There are two variants with proprioception for End-Effector location:

image : one with RGB image observations
low-dim : another with 9 2D keypoints obtained from the ground-truth pose of the T block

The maximum step of the task is 300, and the reward is defined as the maximum overlap between the target position and the T-shaped block during the pushing process.

Prerequisites

Please make sure you have finished setup steps in Installation & Setup.

Installation

Install Diffusion Policy package

The Embodied Intelligence SDK provides optimized source code for Intel® OpenVINO™. To get the source code from /opt/diffusion-policy-ov/ with the following command:

$ sudo apt install diffusion-policy-ov
$ sudo chown -R $USER /opt/diffusion-policy-ov/

After installing the diffusion-policy-ov package, follow the README.md file in /opt/diffusion-policy-ov/ to set up the complete source code environment.

Virtual environment setup

Download and install the Miniforge as follows if you don’t have conda installed on your machine:

$ wget https://github.com/conda-forge/miniforge/releases/latest/download/Miniforge3-Linux-x86_64.sh
$ bash Miniforge3-Linux-x86_64.sh
$ source ~/.bashrc

You can use conda --version to verify you conda installation. After installation, create a new python environment robodiff:

$ cd <diffusion-policy_SOURCE_CODE_PATH>
$ mamba env create -f conda_environment.yaml

After installation, activate the robodiff Python environment in your current terminal:

$ conda activate robodiff

Install Intel® OpenVINO™

Install the Intel® OpenVINO™ with the following command:

$ pip install huggingface_hub==0.24.7 openvino==2024.6

Run pipeline

Inference

Refer to <diffusion-policy_SOURCE_CODE_PATH>/ov_convert/README.md for instructions on downloading the pre-trained checkpoints, there are four available checkpoints for Push-T task.

Note

For detailed instructions on the model conversion process, please refer to the model tutorial at Diffusion Policy.

Item	Pre-trained checkpoint Name	Low-dim or image	Policy	Parameters
`lowdim_t967.ckpt`	`epoch=0850-test_mean_score=0.967.ckpt`	low-dim	diffusion policy transformer	8.96M
`lowdim_c969.ckpt`	`epoch=0550-test_mean_score=0.969.ckpt`	low-dim	diffusion policy CNN	65.25M
`image_t748.ckpt`	`epoch=0100-test_mean_score=0.748.ckpt`	image	diffusion policy transformer	20.18M
`image_c884.ckpt`	`epoch=0500-test_mean_score=0.884.ckpt`	image	diffusion policy CNN	262.71M

Refer to <diffusion-policy_SOURCE_CODE_PATH>/ov_convert/README.md for instructions on converting the model checkpoint to OpenVINO IR format.

Attention

You need to set the --output_dir to save the converted model to ~/ov_models/pushT/ directory.

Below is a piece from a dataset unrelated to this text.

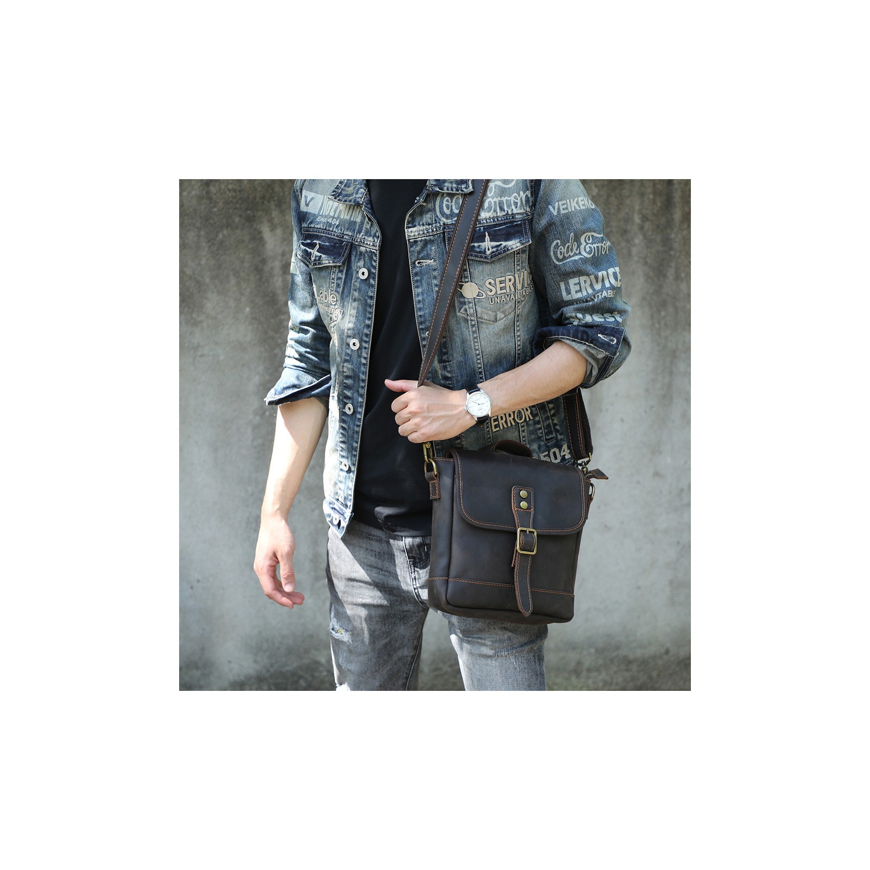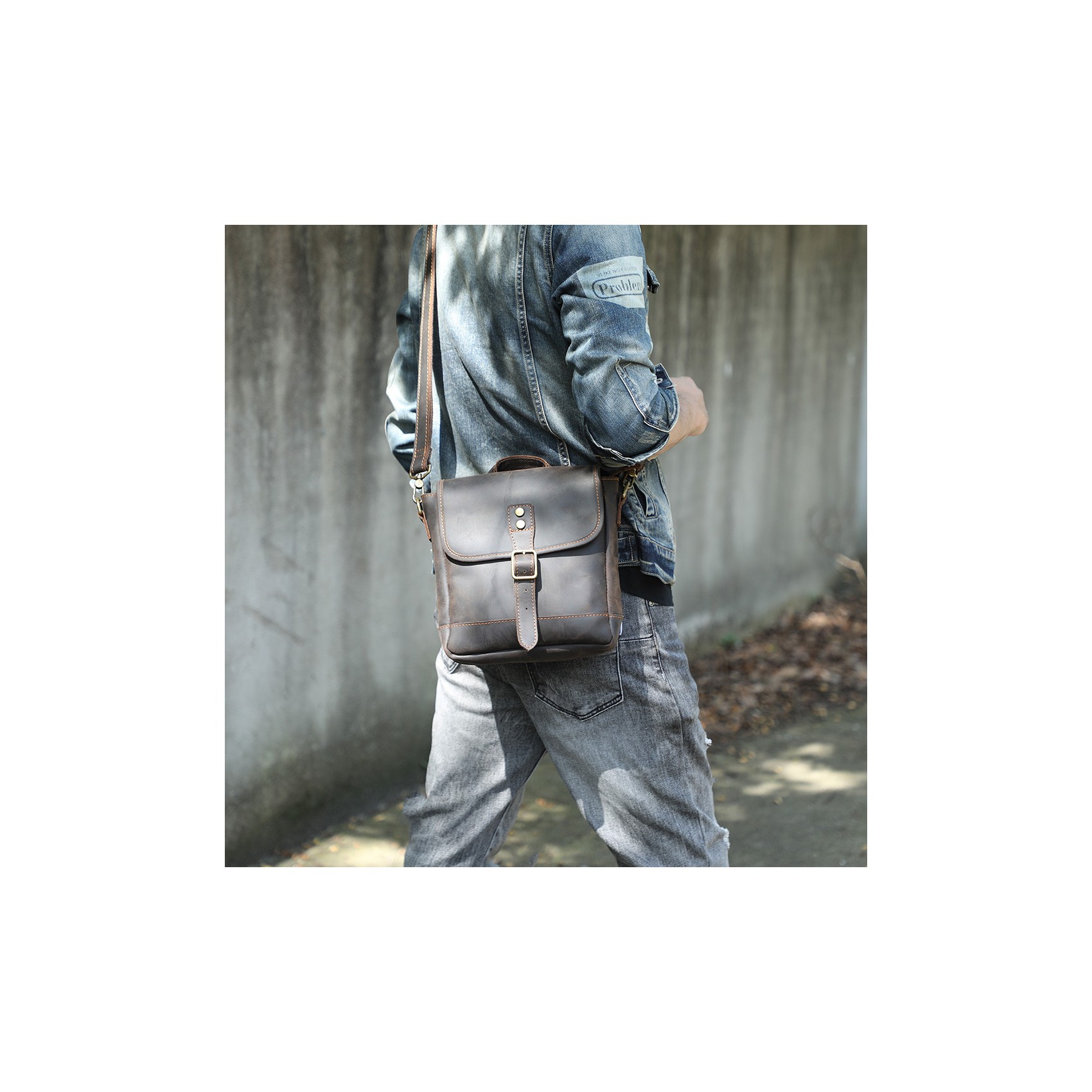 Мужская кожаная сумка-барсетка Alex через плечо темно-коричневая
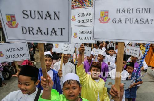 REPUBLIKA.CO.ID, GENUK. -- Sejumlah anak berjalan sambil membawa poster saat mengikuti pawai kirab budaya di kawasan Genuk, Semarang, Jawa Tengah, Jumat (8/3/2024).

The expectation result of this step is that you will have the following files in ~/ov_models/pushT/ directory:

$ ls ~/ov_models/pushT/ -l
-rw-rw-r-- ... image_c884_obs_encoder_onepass.bin
-rw-rw-r-- ... image_c884_obs_encoder_onepass.xml
-rw-rw-r-- ... image_c884_unet_onepass.bin
-rw-rw-r-- ... image_c884_unet_onepass.xml
-rw-rw-r-- ... image_t748_obs_encoder_onepass.bin
-rw-rw-r-- ... image_t748_obs_encoder_onepass.xml
-rw-rw-r-- ... image_t748_unet_onepass.bin
-rw-rw-r-- ... image_t748_unet_onepass.xml
-rw-rw-r-- ... lowdim_c969_unet.bin
-rw-rw-r-- ... lowdim_c969_unet.xml
-rw-rw-r-- ... lowdim_t967_unet.bin
-rw-rw-r-- ... lowdim_t967_unet.xml

You can run the inference with the following command:

Attention

You need to set the --checkpoint to select the pre-trained checkpoint because it contains the policy model configuration.
You need to set the --output_dir to save the inference results.
You can set the --seed to control the randomness of the inference; the default value is 4300000.
For converted OpenVINO IR, you don’t need to set the model path since the default load directory is ~/ov_models/pushT/.

$ conda activate robodiff
$ cd <diffusion-policy_SOURCE_CODE_PATH>
$ python eval.py --checkpoint <Pre-Trained_ckpt_PATH> --output_dir <output_dir>

The inference results will be saved in the <output_dir> directory, which contains the following files:

$ ls <output_dir> -l
-rw-rw-r-- ... eval_log.json
drwxrwxr-x ... media

The eval_log.json contains the evaluation results, and the media directory contains the video of the inference process.